Task brief -> Retype, word for word, every line of the records below starting at the one that contains "A-JUN自动喷枪有一个流体和一个空气端口。雾化空气具有调节针阀,用于微调雾化。" and ending at the one that contains "얼마 전 가수 김창완이"; include both of those lines and nothing more.

Information supplied ->
Start of Block

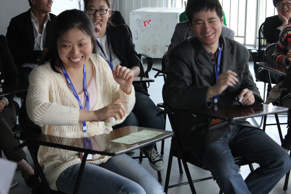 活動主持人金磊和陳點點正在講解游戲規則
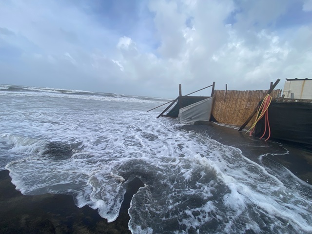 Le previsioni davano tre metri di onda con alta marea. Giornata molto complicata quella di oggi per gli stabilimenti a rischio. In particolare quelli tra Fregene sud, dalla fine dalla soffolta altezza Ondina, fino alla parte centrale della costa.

End of Block
Start of Block

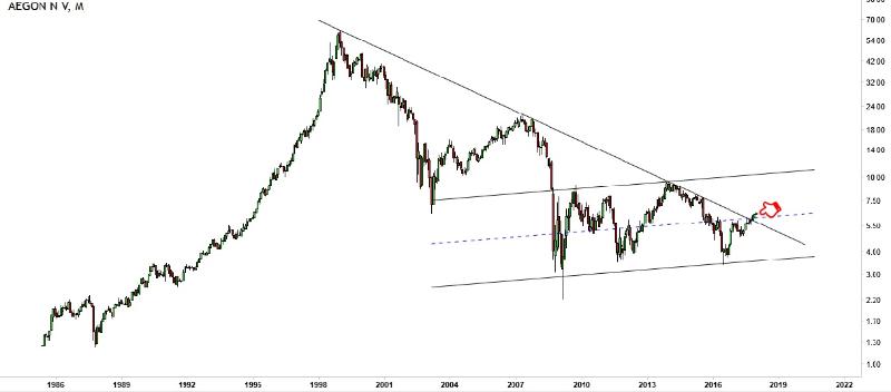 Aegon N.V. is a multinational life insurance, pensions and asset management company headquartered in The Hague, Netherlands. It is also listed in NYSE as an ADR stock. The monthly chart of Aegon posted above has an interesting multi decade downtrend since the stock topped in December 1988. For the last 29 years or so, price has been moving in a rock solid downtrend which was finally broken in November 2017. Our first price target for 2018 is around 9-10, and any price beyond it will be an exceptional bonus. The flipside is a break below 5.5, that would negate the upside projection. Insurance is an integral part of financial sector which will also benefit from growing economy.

End of Block
Start of Block

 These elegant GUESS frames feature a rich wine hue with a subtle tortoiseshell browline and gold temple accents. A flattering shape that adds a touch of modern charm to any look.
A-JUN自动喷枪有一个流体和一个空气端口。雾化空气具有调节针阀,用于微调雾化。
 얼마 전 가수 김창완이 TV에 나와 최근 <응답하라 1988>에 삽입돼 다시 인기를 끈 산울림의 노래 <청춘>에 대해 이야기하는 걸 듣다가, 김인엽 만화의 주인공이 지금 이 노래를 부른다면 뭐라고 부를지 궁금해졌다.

End of Block

Solution to this exercise ->
A-JUN自动喷枪有一个流体和一个空气端口。雾化空气具有调节针阀,用于微调雾化。
 얼마 전 가수 김창완이 TV에 나와 최근 <응답하라 1988>에 삽입돼 다시 인기를 끈 산울림의 노래 <청춘>에 대해 이야기하는 걸 듣다가, 김인엽 만화의 주인공이 지금 이 노래를 부른다면 뭐라고 부를지 궁금해졌다.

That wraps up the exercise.